**WHAT TO DO:** A copy of the listing below is needed, exact in every line and without images.

....................

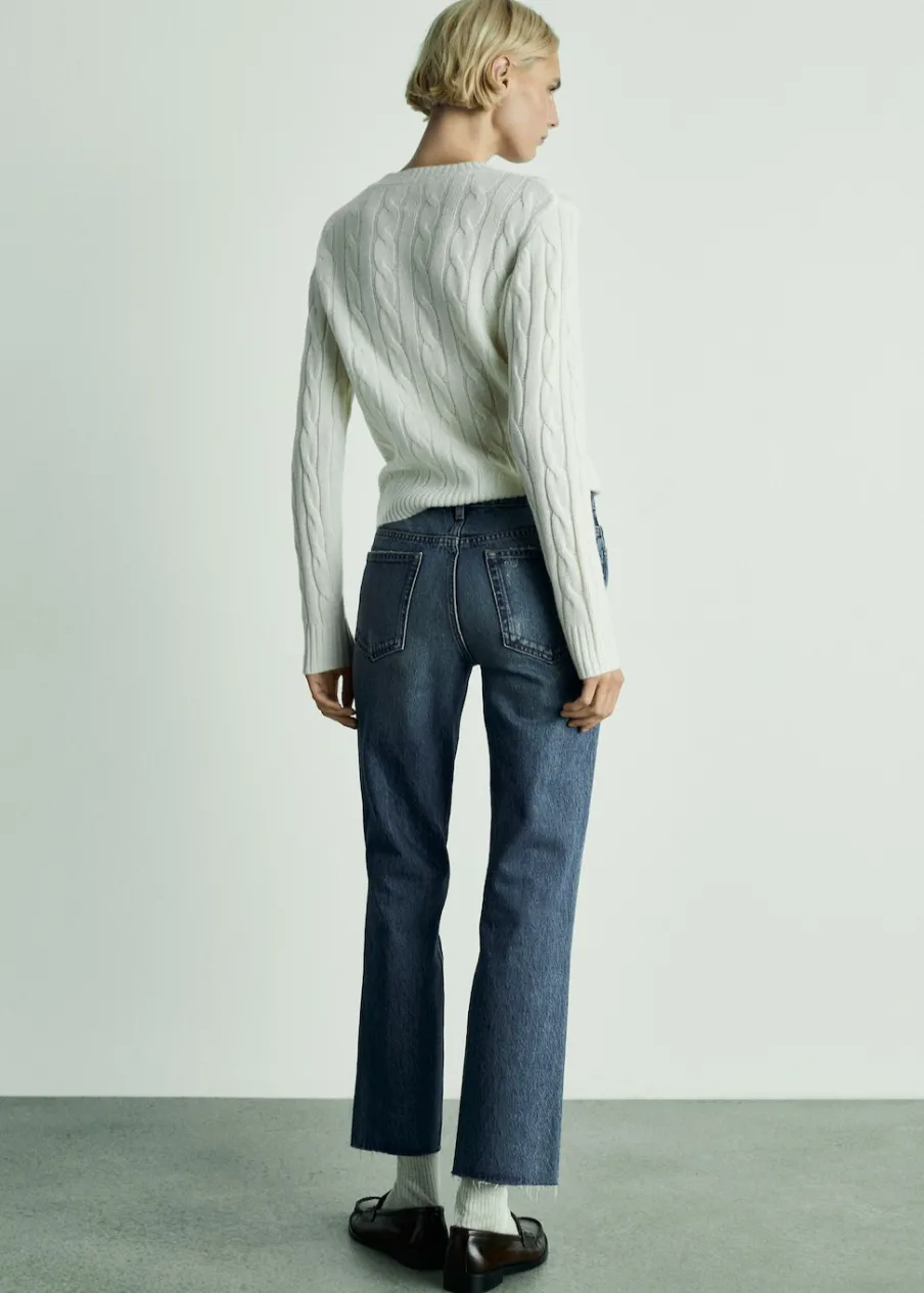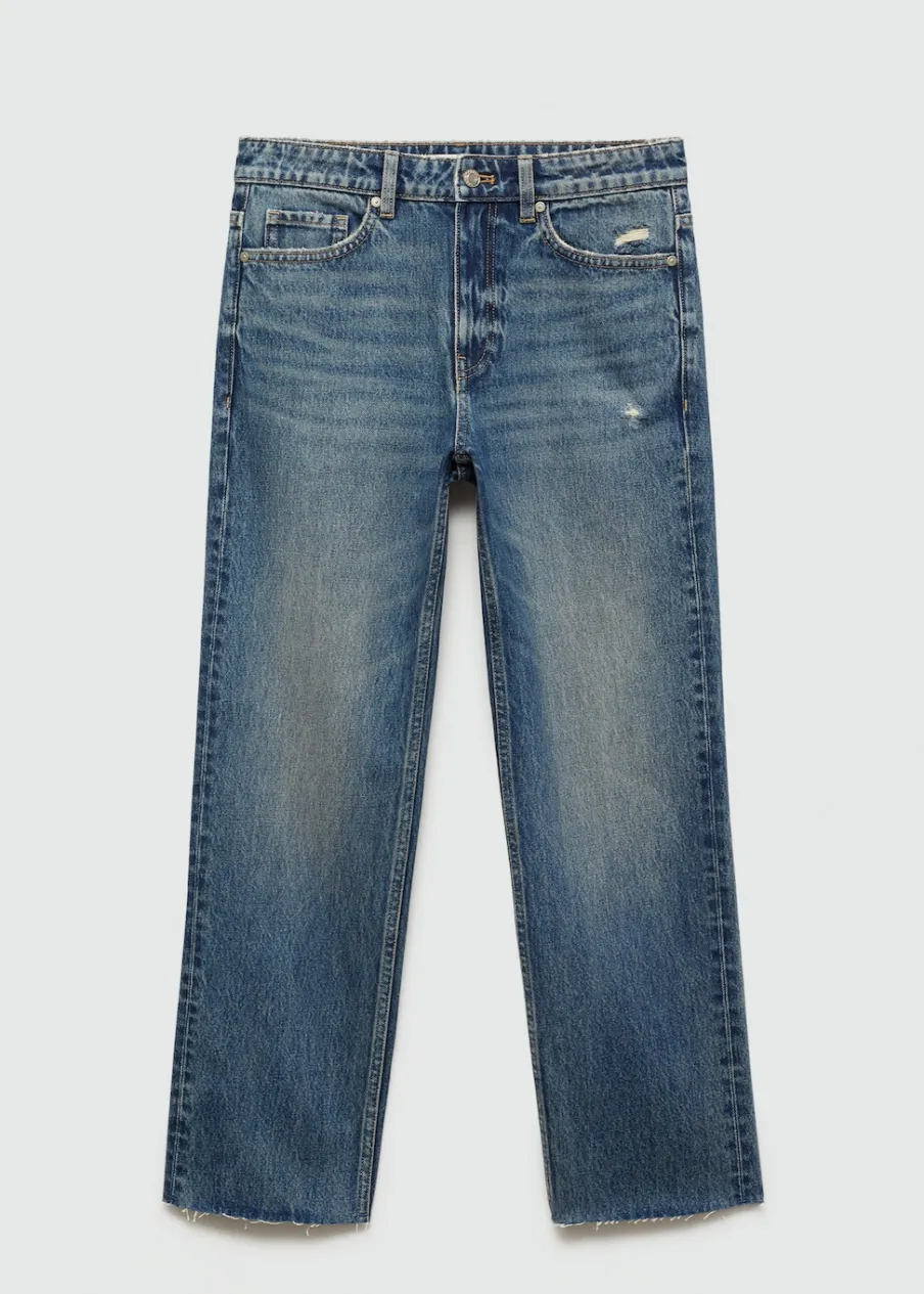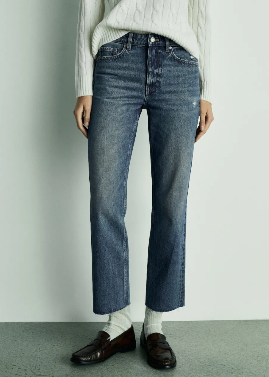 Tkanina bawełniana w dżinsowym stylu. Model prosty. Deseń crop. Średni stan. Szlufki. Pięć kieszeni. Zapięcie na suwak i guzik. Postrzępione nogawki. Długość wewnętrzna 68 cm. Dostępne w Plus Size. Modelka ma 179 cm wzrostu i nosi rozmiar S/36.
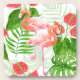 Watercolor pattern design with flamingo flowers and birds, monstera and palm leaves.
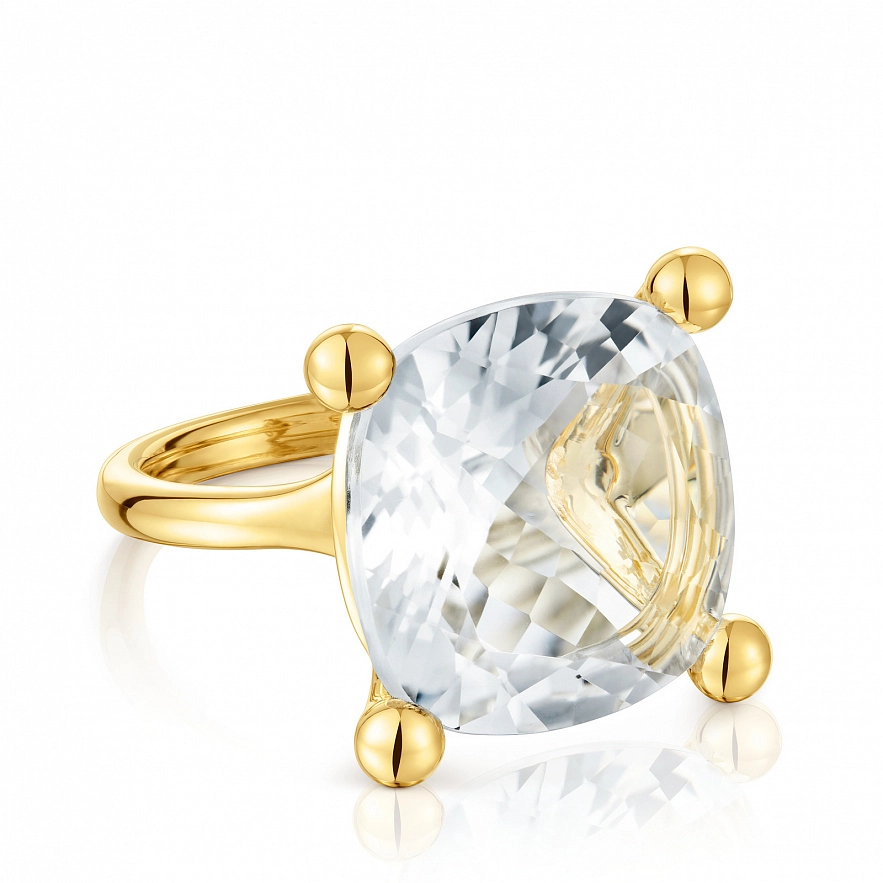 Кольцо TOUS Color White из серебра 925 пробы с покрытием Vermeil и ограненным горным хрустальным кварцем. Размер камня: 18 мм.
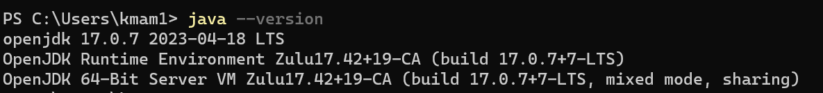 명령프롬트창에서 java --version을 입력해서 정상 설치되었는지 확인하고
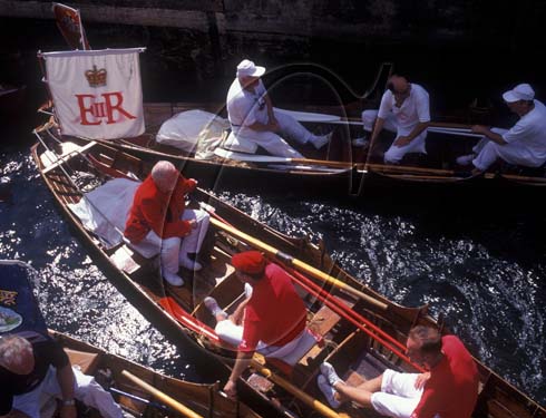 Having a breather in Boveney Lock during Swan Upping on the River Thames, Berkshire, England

....................

**ANSWER TO THE PROBLEM:**
 Tkanina bawełniana w dżinsowym stylu. Model prosty. Deseń crop. Średni stan. Szlufki. Pięć kieszeni. Zapięcie na suwak i guzik. Postrzępione nogawki. Długość wewnętrzna 68 cm. Dostępne w Plus Size. Modelka ma 179 cm wzrostu i nosi rozmiar S/36.
 Watercolor pattern design with flamingo flowers and birds, monstera and palm leaves.
 Кольцо TOUS Color White из серебра 925 пробы с покрытием Vermeil и ограненным горным хрустальным кварцем. Размер камня: 18 мм.
 명령프롬트창에서 java --version을 입력해서 정상 설치되었는지 확인하고
 Having a breather in Boveney Lock during Swan Upping on the River Thames, Berkshire, England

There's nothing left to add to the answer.